Anderson Silva, a canela 'de vidro' e a política brasileira

Confesso! Quase tive um piripaque do Chaves quando vi Anderson Silva fraturar dois ossos da perna como se fossem feitos de Maria Mole. Também ensaiei sorrisos ao ver montagens e piadas maldosas feitas por 'antigos fãs' do MMA. Depois disso, fui tomado por um leve desconforto vendo pessoas falarem tanta bobagem sobre o Spider e causei algumas discussões na minha página pessoal no Facebook. Até aí tudo bem, tudo normal!
Mas a minha surpresa aumentou ao ver um deputado propondo que a exibição de lutas de MMA na TV brasileira fosse proibida. Desse fato aparecem duas conclusões possíveis: o político brasileiro é oportunista e, ao mesmo tempo, tem uma cultura e visão de mundo um tanto limitada, para não dizer limitadíssima.
Ao ver o homem que foi elevado à ícone brasileiro nos últimos anos ter a perna despedaçada em rede nacional (mesmo que com aqueles 30 minutinhos de atraso) 0 deputado federal José Mentor (PT-SP) não deve ter pensado duas vezes: em época que só falamos de política para comentar sobre a dificuldade dos governantes em fechar as contas, proibir o MMA na TV seria uma sacada de gênio.
Isso ilustra o oportunismo do parlamentar - não se iluda, políticos são oportunistas o tempo todo e, quando um acidente vira sensação na internet, na TV na Mídia e até em Marte, o oportunismo é elevado à níveis estratosféricos. O petista afirma que o MMA não é um esporte, mas sim que MMA "é agressão".
O deputado está certo: o MMA não é um esporte, mas sim a união de vários esportes (olímpicos ou não) e diversas artes marciais. Se o deputado crê que todo esporte que possa levar a fraturas e lesões deva ser proibido na TV (aberta ou a cabo), convido o senhor José Mentor (nome sugestivo, não?) a começar uma cruzada contra o Futebol - esse tradicional esporte tupiniquim e suas várias lesões expostas que passam domingo sim, domingo não, na sala da minha casa.
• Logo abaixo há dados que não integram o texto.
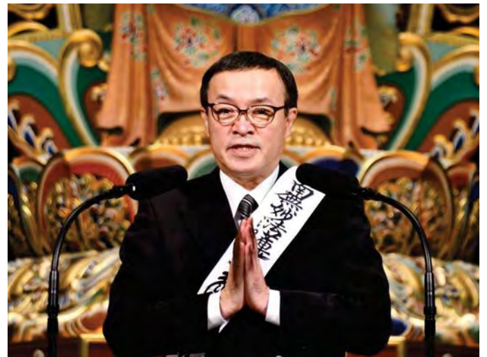
दाइसेइदोमा प्रवचन गर्दै नेमोतोजि

जिनेवामा जानुअघी संस्थापकले मलाई केहि सल्लाह दिनु भएको थियो। “संयुक्त राष्ट्र संघमा जापानबाट भाग लिने हुनाले बोधिसत्व बनेर ढुक्क भएर आफ्नो काम गर्नु। मेहेनत गरेर आफु भएको शक्ती सबै प्रयोग
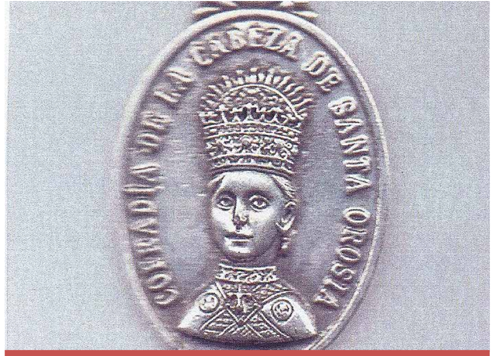
Medalla de la Cofradía de la Cabeza de Santa Orosia.
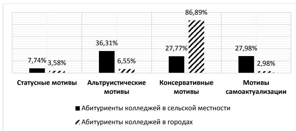
Рис. 3. – Процентные распределения абитуриентов двух исследовательских групп по преобладанию мотивов выбора профессии

Как видно из наглядного представления результатов процентного распределения абитуриентов двух исследовательских групп, мотивационные профили обучающихся аграрных колледжей достаточно различны.
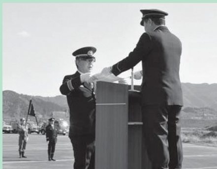
▶ 消防庁長官表彰などを伝達
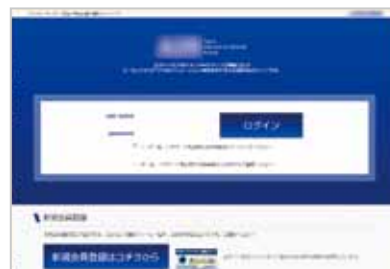
※画像はサンプルです

また、お見積りの機能や、製品のご注文ページがあると便利です。それと関連して、在庫情報が分かる機能や、お問い合わせのページも必要となるでしょう。
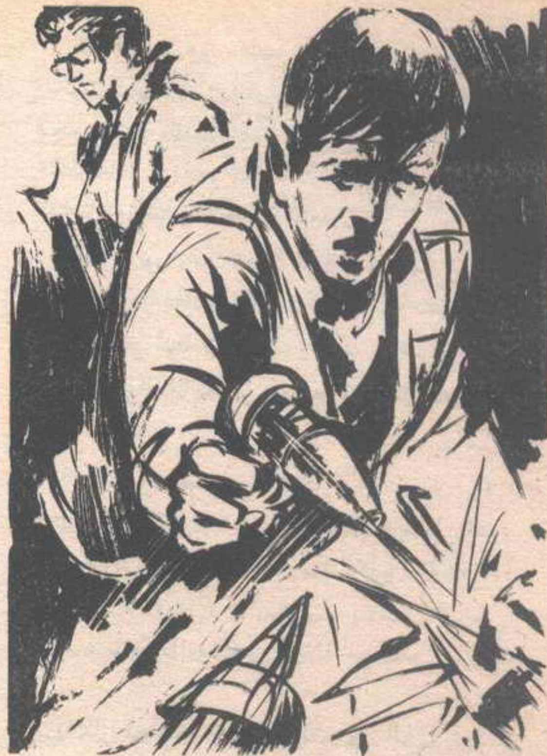
وانتزع مسدسه الليزرى ، وهو يضاوى القذائف المنمنمة ، وسفن الفضاء الدقيقة ..

لم يضع ( نور ) لحظة واحدة .. لم ينتظر حتى ليرى ما أصاب الدكتور ( وليد ) .. كان يعلم النتائج ، دون أن يراها .. وفى سرعة .. انتزع الدكتور ( شوقى ) من ذهوله ، وجذبه من معصمه فى قوة ، وهو يدفع ( محمود ) أمامه إلى خارج القاعة ، وأخذ يغلقها خلفهم فى إحكام .. ثم أخذ يعدو برفقتهما إلى الخارج ، حتى عَبَرُوا مَرَّ التعقيم ، فصاحت ( سلوى ) فى جَزَع :

José Mentor foi oportunista e, querendo ou não, reproduziu um discurso falastrão em meio a enxurrada de besteiras veiculadas no Facebook e em outros paraísos digitais. Caso o deputado mude de ideia, convido-o a pisar em um tatame e conhecer um pouco da essência de uma arte marcial, seja ela qual for.
Como um orgulhoso faixa azul de Jiu Jistu, convido José Mentor a entender o que motiva seres humanos a levarem seus corpos, mentes e almas ao máximo e aprenderem lições sobre honra, humildade e disciplina - tudo isso com o indivíduo no limite, bem próximo das situações que nossas 'vidas reais' nos levam.
Não preciso nem entrar no mérito de que temos coisas mais urgentes para 'resolver', não é mesmo, deputado? Gostaria que o senhor também se importasse dessa maneira com o crescente avanço do crack em regiões periféricas do país, por exemplo. Se políticos brasileiros levassem alguns ensinamentos das artes marciais para as ações cotidianas, nossa vida de cidadãos seria melhor, bem melhor.